Common tuna is a fish belonging to the mackerel family. This species occurs in many parts of the world, mainly living in temperate and tropical waters of the Atlantic, Pacific and Indian Oceans. Due to its taste and the content of valuable nutrients, tuna is an important element of the diet of people around the world.
Tuna contains: vitamins and minerals such as selenium, potassium, magnesium, phosphorus and vitamin E, vitamin D and B vitamins. It is worth mentioning the high content here life-giving vitamin B3 (niacin), the proper supply of which has a positive effect on the functioning of the nervous system and the condition of the skin. This compound provides fantastic support for the brain, as it improves concentration and memory.
Read also:
Wealth vitamins and minerals this is not the only advantage tuna. This fish is characterized by a low amount of calories (about 110-130 kcal in 100 g) and a high protein content (on average 26-27 g in 100 g). It is worth emphasizing that nutritional values may vary depending on the variety of tuna and the specific product. For example – canned tuna in oil may have more calories than the one in own juice.
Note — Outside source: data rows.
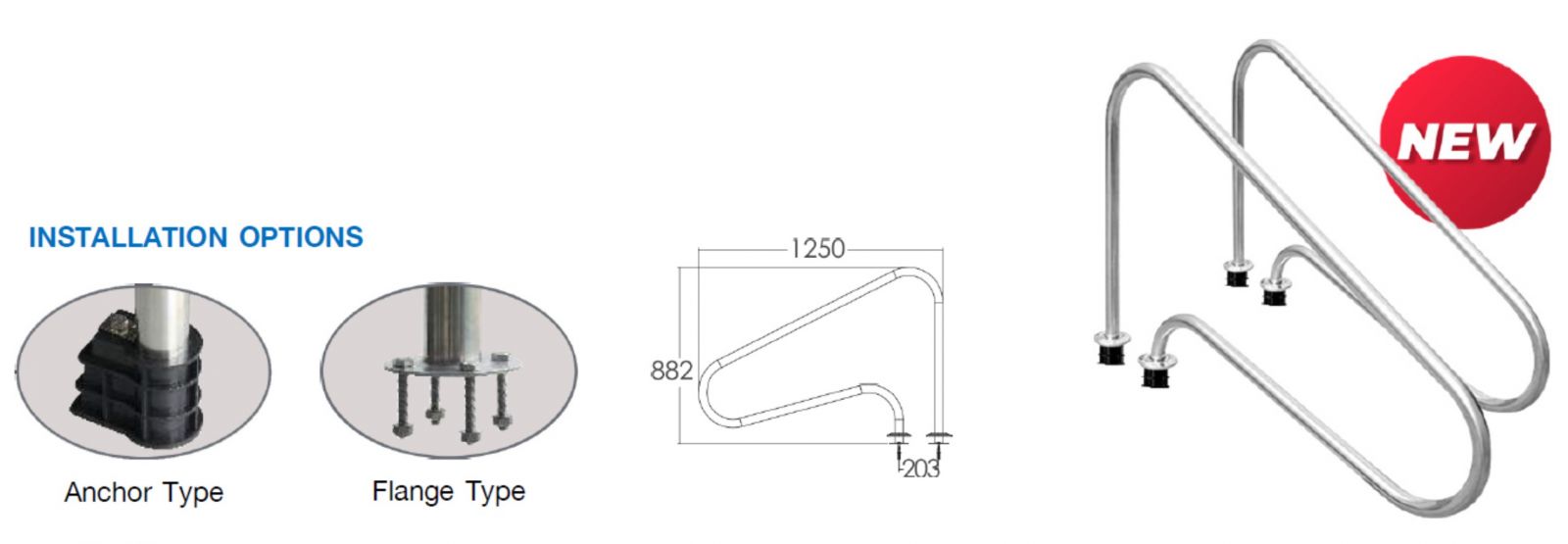 - ใช้ติดตั้งเกาะด้านข้างผนังสระ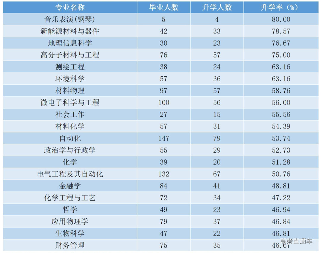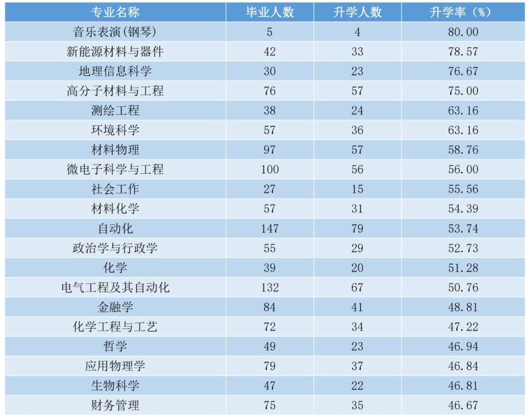 对比 2023 届各专业本科毕业生升学率,“音乐表演(钢琴)”的升学率最高,为80.00%,其次是“新能源材料与器件”(78.57%)“地理信息科学”(76.67%)“高分子材料与工程”(75.00%)。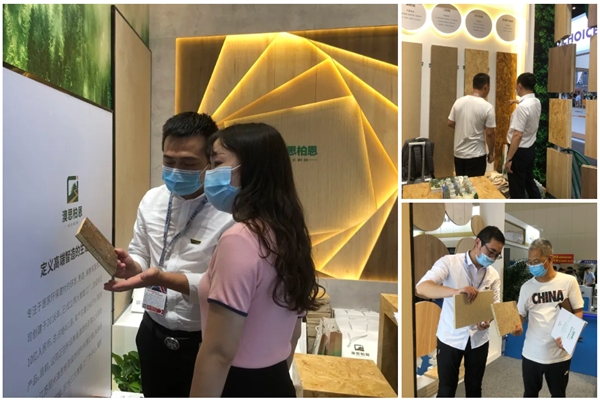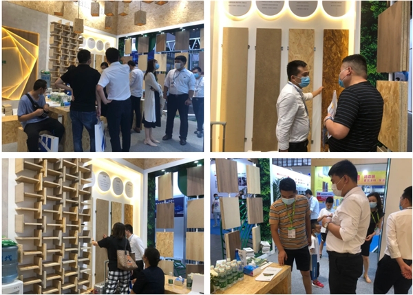 针对高档家庭、大型工程装修客户,澳思柏恩实木切片OSB板具有结构稳定、绿色健康、无醛加工、天然松香、可塑性强等优势,广受中青年人群喜爱,能更好的的满足追求环保、个性的家具厂商。同时,OSB板还是木制装配式建筑的主要材料之一,因此也使得澳思柏恩展馆在本次展会上格外受到瞩目。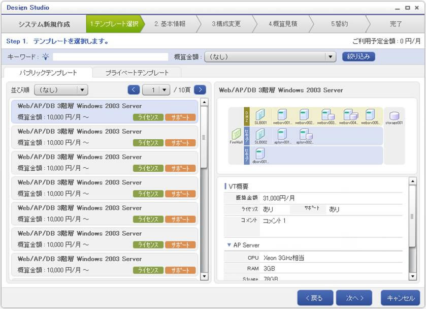 当社は本サービスを、2010年5月末より9月末まで、200社にトライアルで提供しており、このたび、トライアルの中でお客様からの要望が高かった仮想ICTシステムの構成テンプレートの拡充やネットワーク接続機能、ユーザー・コミュニティー機能などを新たに追加し、より信頼性と利便性を高め、商用サービスを提供開始します。

Describing health-promoting properties of tuna, the issue cannot be ignored omega-3 fatty acidsthat this fish contains. These fats have a positive effect on the cardiovascular system, support the functioning of the nervous system, and also reduce inflammation and may help fight joint problems.
It has the most health-promoting nutrients fresh tuna. However, many people reach for it canned tunawhich turns out to be an ideal addition to salads, pasta dishes and even sandwiches. In both cases, however, you should pay attention to whether a given product has MSC certificate proving that the fish come from sustainable fishing.
It is worth remembering that tuna it’s quite a big fish. For this reason, it has a significant ability to accumulating mercury in your meat. Therefore, it is worth reaching for skipjack tuna – it is a small species that has a lower content of harmful compounds. This does not change the fact that pregnant women and children should limit the consumption of this fish.